Data excerpt:
★ ★ ★ ★
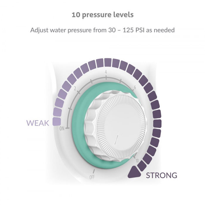 10 razina pritiska Mlaznica ima 10 razina pritiska pod kojima ubrizgava mješavinu kapljica vode i zraka u usta. Na taj način lako ćete odabrati optimalnu čvrstoću ili se o tome posavjetovati sa svojim stomatologom.
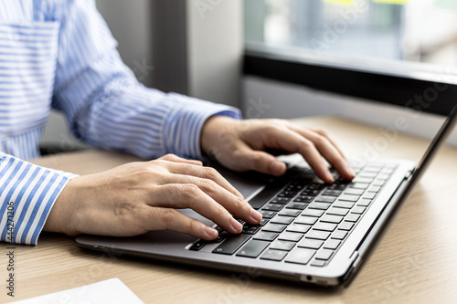 Hands of businesswoman typing on a laptop keyboard, she is using a messaging program to talk to a business partner who is opening a startup company. Concept of using technology in communication.
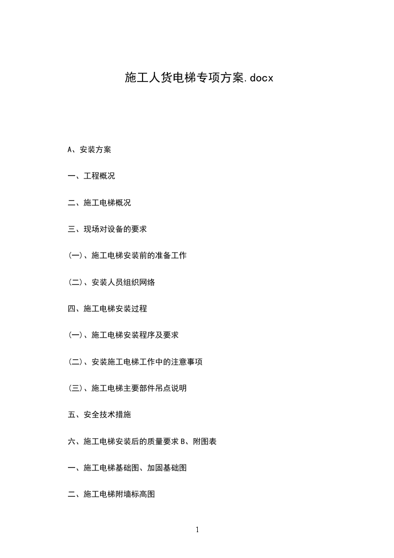 (二)、安装人员组织网络安装人员组织网络:施工电梯安装施工负责人:施工电梯安装技术负责人:施工电梯安装安全负责人:施工电梯安装班长:参加施工电梯安装人员:(三)、施工电梯对附墙部位的要求施工电梯相对建筑物位置见电梯安装位置图,附墙架形式采用型附墙,标准附墙间距为
★ ★ ★ ★
Exercise requirements: The full listing must come back exactly as written, with its pictures left out.

Answer space:
 10 razina pritiska Mlaznica ima 10 razina pritiska pod kojima ubrizgava mješavinu kapljica vode i zraka u usta. Na taj način lako ćete odabrati optimalnu čvrstoću ili se o tome posavjetovati sa svojim stomatologom.
 Hands of businesswoman typing on a laptop keyboard, she is using a messaging program to talk to a business partner who is opening a startup company. Concept of using technology in communication.
 (二)、安装人员组织网络安装人员组织网络:施工电梯安装施工负责人:施工电梯安装技术负责人:施工电梯安装安全负责人:施工电梯安装班长:参加施工电梯安装人员:(三)、施工电梯对附墙部位的要求施工电梯相对建筑物位置见电梯安装位置图,附墙架形式采用型附墙,标准附墙间距为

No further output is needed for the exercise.